▶ _Given records_:
○ ○ ○ ○ ○ ○ ○

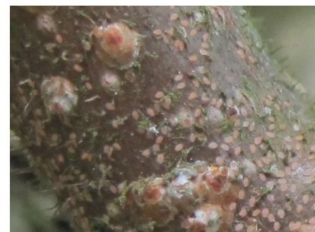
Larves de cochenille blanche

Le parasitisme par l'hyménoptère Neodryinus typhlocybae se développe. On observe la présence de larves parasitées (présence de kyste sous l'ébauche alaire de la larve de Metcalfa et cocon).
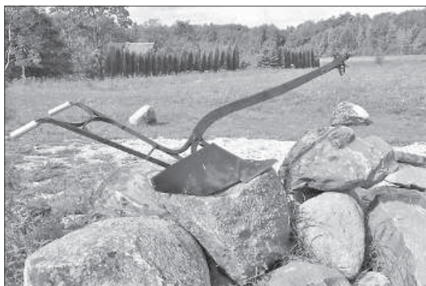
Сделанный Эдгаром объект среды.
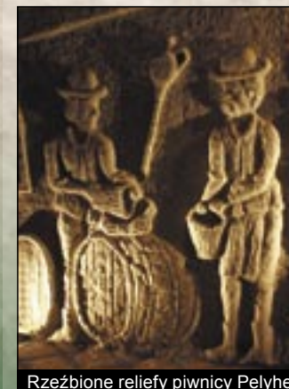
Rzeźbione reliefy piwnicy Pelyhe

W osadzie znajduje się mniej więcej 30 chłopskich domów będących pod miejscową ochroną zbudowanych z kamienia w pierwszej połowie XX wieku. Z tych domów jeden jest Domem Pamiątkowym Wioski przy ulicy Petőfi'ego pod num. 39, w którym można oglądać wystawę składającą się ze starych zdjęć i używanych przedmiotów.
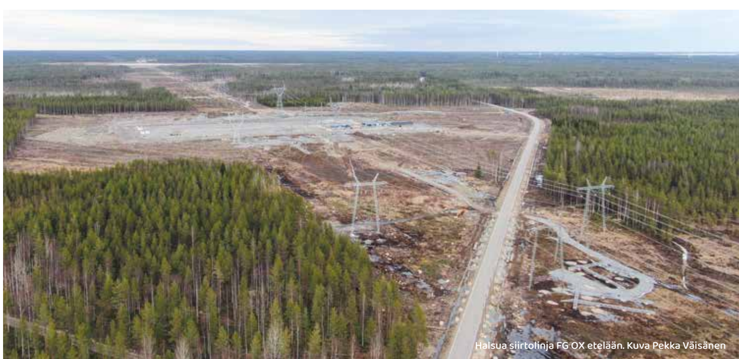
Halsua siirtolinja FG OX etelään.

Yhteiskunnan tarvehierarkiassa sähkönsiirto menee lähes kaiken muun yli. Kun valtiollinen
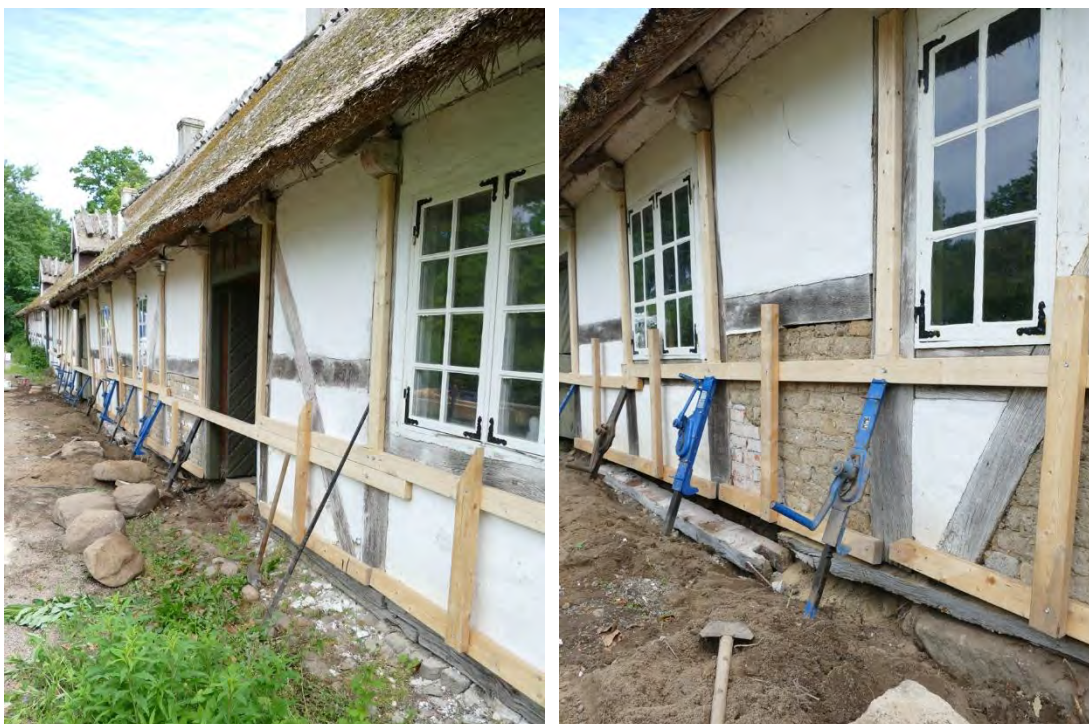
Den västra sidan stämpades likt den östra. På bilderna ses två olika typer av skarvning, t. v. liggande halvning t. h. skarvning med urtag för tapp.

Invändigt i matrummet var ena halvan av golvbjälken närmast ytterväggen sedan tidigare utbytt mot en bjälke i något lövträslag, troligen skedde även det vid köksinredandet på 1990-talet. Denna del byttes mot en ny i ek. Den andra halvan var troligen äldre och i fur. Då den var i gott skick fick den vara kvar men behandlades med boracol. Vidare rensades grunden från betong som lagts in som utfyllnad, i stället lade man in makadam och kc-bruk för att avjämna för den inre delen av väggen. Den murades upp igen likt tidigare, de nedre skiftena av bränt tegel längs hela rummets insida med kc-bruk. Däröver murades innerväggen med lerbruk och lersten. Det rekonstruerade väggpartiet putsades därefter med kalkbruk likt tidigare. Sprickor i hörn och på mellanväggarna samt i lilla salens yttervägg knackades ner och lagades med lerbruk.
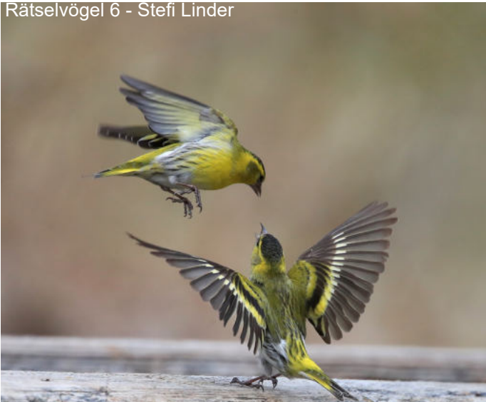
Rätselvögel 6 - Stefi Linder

○ ○ ○ ○ ○ ○ ○

▶ _Required action_: Your answer should be a single number: how many lines of the material contain the word "likt".

▶ _Task result_: 2